A CUMBRIAN addiction recovery charity is leading a national drive to raise the status of peer-based support.

The Well Communities is campaigning for lived experience recovery organisations (LEROs) to be recognised on a par with statutory services like the NHS. 

In lived experience recovery people facing difficulties such as addiction and mental health problems are helped by peers who have personal experience of the same issues. 

The charity’s CEO and founder Dave Higham says this often works where other approaches fail.

The Westmorland Gazette: Dave Higham says that the lived experience approach works well for addiction recovery Dave Higham says that the lived experience approach works well for addiction recovery (Image: The Well Communities)

“In many services, it is the ‘professional’ and the ‘service user’. In LEROs the dynamics are different because we are on a level,” he says.

The Well Communities, which has hubs in Barrow and Kendal, will launch a new organisation called Cumbria Lived Experience Voices, in Kendal, on May 17. It is a coalition of nine local charities which specialise in peer-based support.

Recently Dave co-founded the College of Lived Experience Organisations and he is working with universities in the UK and Belgium.

He says: “We want to bring together LEROs and showcase their success. We want to share best practice and work together to create a world-class service.

“There is not enough evidence around the impact of LEROs and the amazing work that they do, and we want to build that up.”

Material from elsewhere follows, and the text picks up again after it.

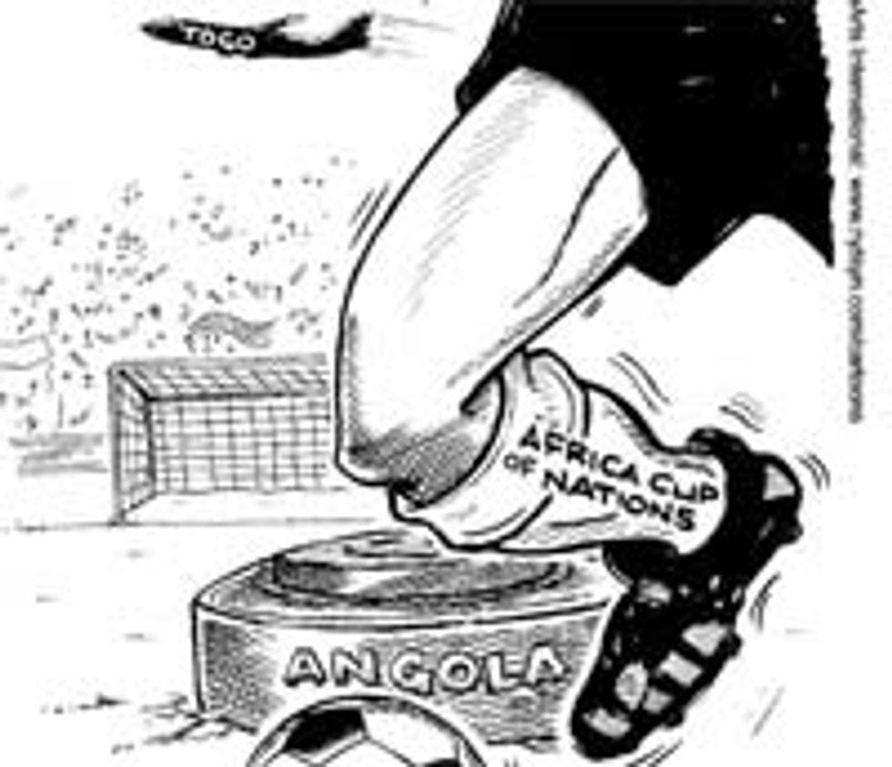 We all know that you probably weren't going to move to Nigeria, because of your racism, but just in case you were thinking about it, you might want to check out this iconographical mess. Here you can see what appears to be the entire nation of Togo flying away from the enormous and terrifying crotch of some soccer player, who has written "African Cup Of Nations" on his sock, to inspire him to glory. In fact, it's just the Togolese soccer team, and it's flying away from the Angola-hosted African Cup of Nations because their team bus got machine-gunned , although you might assume from looking at this cartoon that they actually hit a mine, because of the giant land mine labelled "ANGOLA" right in the middle of the damn drawing. It's possible that having soccer played on fields (or "pitches," as they say among the Foreigns -- get this right if you're planning to move, as there's nothing the Foreigns love more than soccer, or "football") littered with land mines might actually make this sport more interesting, but I assume that this is not the polemical intent of our Nigerian artist. Probably.

Dave explained how peer support helped him personally: “I was in and out of prison from the age of 16 to 37 and spent more time in prison than in the community,” he said.

READ MORE: The Well CEO David Higham shortlisted for Penal Reform awards

“I would come out of prison and have nowhere to live. I felt isolated and tempted to go back to the old ways. I went to services but felt alone.

“My last sentence was at Lancaster Castle, and I saw someone I knew. The first seed of hope was sown by this person who I had been to prison with, and taken drugs with when I was 16. He said, there’s another way Dave. He gave me hope I could change.

“I felt I wasn’t on my own and I made a decision right there that I would do whatever it takes. And I have never had drugs or alcohol since, in 17 years." 

Most of the staff at The Well Communities have lived experience.

“The Well Communities started with just me and now we have 70 staff and 60 per cent of them are the very people who have been on the brink of death and have walked into our organisation looking for help,” says Dave.

The Well Communities is one of the charities being supported by Cartmel Racecourse this year. Staff and supporters from The Well Communities will attend the race day on May 29 to raise awareness and fundraise.